▸ **DIRECTIONS**: Of the records that follow, copy only the lines from the line containing "An ideal unique" to the line containing "در این مدل،", both included, exactly as written.

▸ **RECORDED INFORMATION**:
--- START ---
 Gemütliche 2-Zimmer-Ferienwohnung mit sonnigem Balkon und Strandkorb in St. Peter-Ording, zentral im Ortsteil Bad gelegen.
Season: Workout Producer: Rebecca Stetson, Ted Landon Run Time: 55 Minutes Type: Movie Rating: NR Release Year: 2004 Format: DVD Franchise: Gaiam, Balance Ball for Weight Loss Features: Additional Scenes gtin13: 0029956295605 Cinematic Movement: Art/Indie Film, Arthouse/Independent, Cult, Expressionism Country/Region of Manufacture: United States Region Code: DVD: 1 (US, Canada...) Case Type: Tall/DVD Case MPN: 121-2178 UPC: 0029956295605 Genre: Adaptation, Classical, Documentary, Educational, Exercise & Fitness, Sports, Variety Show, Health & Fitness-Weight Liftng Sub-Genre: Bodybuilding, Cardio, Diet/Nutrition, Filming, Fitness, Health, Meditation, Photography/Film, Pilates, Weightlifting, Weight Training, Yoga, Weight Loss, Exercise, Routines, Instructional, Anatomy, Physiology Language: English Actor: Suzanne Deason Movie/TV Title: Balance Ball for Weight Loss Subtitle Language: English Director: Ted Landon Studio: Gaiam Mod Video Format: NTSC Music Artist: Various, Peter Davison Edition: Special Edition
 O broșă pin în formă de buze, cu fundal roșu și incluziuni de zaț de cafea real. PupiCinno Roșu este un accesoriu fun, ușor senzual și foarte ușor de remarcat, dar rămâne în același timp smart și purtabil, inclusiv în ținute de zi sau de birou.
--- END ---
--- START ---
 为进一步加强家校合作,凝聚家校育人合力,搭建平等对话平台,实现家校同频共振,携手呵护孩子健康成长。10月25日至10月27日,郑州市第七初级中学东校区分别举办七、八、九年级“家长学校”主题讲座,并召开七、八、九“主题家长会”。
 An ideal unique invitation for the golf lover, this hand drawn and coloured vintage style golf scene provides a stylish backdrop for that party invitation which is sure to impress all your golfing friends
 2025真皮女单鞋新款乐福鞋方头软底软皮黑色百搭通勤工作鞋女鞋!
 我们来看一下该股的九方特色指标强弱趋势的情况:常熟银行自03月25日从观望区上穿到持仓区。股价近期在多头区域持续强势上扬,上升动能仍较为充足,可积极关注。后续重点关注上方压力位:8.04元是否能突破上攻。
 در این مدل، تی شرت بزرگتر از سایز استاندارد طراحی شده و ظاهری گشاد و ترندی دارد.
--- END ---
--- START ---
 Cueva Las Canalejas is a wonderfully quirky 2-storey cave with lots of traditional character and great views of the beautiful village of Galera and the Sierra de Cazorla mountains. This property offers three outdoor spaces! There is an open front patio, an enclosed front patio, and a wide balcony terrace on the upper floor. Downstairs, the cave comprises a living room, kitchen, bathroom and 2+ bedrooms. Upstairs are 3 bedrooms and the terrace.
--- END ---
▸ **RESPONSE BOX**:
 An ideal unique invitation for the golf lover, this hand drawn and coloured vintage style golf scene provides a stylish backdrop for that party invitation which is sure to impress all your golfing friends
 2025真皮女单鞋新款乐福鞋方头软底软皮黑色百搭通勤工作鞋女鞋!
 我们来看一下该股的九方特色指标强弱趋势的情况:常熟银行自03月25日从观望区上穿到持仓区。股价近期在多头区域持续强势上扬,上升动能仍较为充足,可积极关注。后续重点关注上方压力位:8.04元是否能突破上攻。
 در این مدل، تی شرت بزرگتر از سایز استاندارد طراحی شده و ظاهری گشاد و ترندی دارد.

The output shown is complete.